Он не любил Рождество, и Новый год тоже не любил.
– Нонна Васильна! – позвал он, и его голос эхом отозвался в кафельном пространстве опер-блока. – Вы где?
Куплеты про маленькую елочку смолкли, и из двери во вторую операционную выглянула санитарка Люся.
– А!.. Дмитрий Антонович! Вам чего?
– Мне чего? – поразился Шумаков.
– В смысле… вам чего… угодно?
Люся была санитаркой «старой закалки».
В старину санитарок специальным образом закаляли так, чтобы они ненавидели всех больных, врачей, медсестер и свою работу. Для того чтобы закрепить это ценное для санитарок состояние, им мало платили, а работу поручали тяжелую и неблагодарную. С тех самых пор так и повелось – раз санитарка, значит, «старой закалки».
Люся на самом деле была добрейшей души женщина, очень исполнительная и трудолюбивая. Шумаков ее ценил, даже специально выписал из Склифа, когда ударился в «капиталистическое производство», то есть в коммерческую медицину. Люся долго сомневалась, уходить или оставаться, но с уходом Шумакова на прежнем месте работы стало совсем худо, и она решилась. Зарплата на новом месте у нее выходила раз в пять больше, а работы было раз в тридцать меньше.

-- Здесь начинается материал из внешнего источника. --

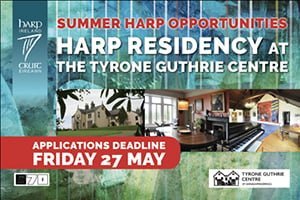 The residency includes both emerging and established harpers/harper composers in either the Traditional Arts or Music, living on the island of Ireland. Send your CV and a letter of application clearly outlining a rationale for ‘time spent’ at the Tyrone Guthrie Centre at Annaghmakerrig. Full details at https://www.harptest.actondev9.com/summer-harp-opportunities-harp-residency-at-the-tyrone-guthrie-centre/

Да премии, да вежливое окружение, да еще чистенькие, богатенькие больные и их душевные родственники! И никаких ножевых и пулевых ранений, и никаких топоров в спине, и никакой рвоты и кровищи на сверкающем полу, но Люся все же иногда вздыхала и печалилась – из Института Склифосовского, где все заняты спасением человечества, почти никто и никогда не уходил в коммерческую медицину.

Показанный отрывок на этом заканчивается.